Monday, October 24, 2005

Paper Stats:
Abstract Views: 2818
Downloads: 1329
Download Rank: 770

Up 230 points in one week.

Tuesday, October 18, 2005


Intro to Web Ontologies

Here is a good intro to ontologies by Deborah McGuinness. It is too old, however, to account for the rise of folksonomies at and flickr.


Blog Design

Listen to an ITConversations Podcast:
Bloggers Lynda Keeler and Gina Highes share their stories from designing and redesigning their blogs. They discuss logos, branding and how to get great images inexpensively, and share simple tips that will make sure your blog is accessible and easy to read. When readers can easily find information they want, they are more likely to return to your site.


In the blogosphere

ixo blog
Portals and KM
SQL Full Text Search
Big Dog, Little Dog
Theoretical Librarian
Beats Biblionetz
Ivan's Weblog
Internet, eLearning, and eGovernment
Leon's first blog
Blog News
Clapping Trees

Paper Stats:
Abstract Views: 2506
Downloads: 1226
Download Rank: 1000


Name your baby "Google"

Google blog points to the "Google Kai" website.

Monday, October 17, 2005


Guess the Best

Top twenty dowloaded videos of British Pathe.


Flickr For Satellites

A talk by my esteemed college, JC Herz.


Shirky on Social Software

Here is an older piece but it has some "timeless" observations about what is require to host a social software site. High points:

Three Things to Accept

1.) Of the things you have to accept, the first is that you cannot completely separate technical and social issues.
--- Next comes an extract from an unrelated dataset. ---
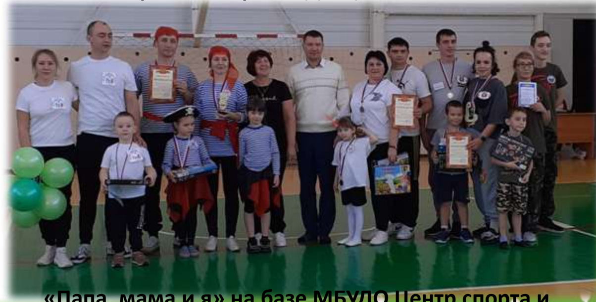
«Папа, мама и я» на базе МБУДО Центр спорта и творчества
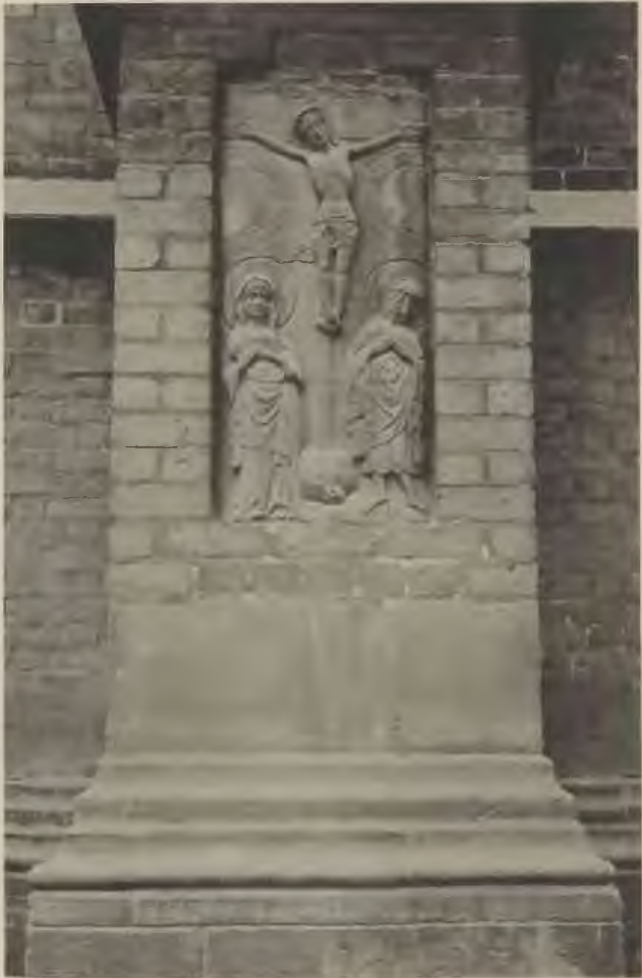
Abb. 4. Kreuzfigür mit Maria und Johannes am vierten Pfeiler (von D.) der Nordseite der Marienkirche.

2.) The second thing you have to accept: Members are different than users. A pattern will arise in which there is some group of users that cares more than average about the integrity and success of the group as a whole. And that becomes your core group, Art Kleiner's phrase for "the group within the group that matters most."

3.) The third thing you need to accept: The core group has rights that trump individual rights in some situations.

Four Things to Design For

1.) If you were going to build a piece of social software to support large and long-lived groups, what would you design for? The first thing you would design for is handles the user can invest in. [identity]

2.) Second, you have to design a way for there to be members in good standing. Have to design some way in which good works get recognized.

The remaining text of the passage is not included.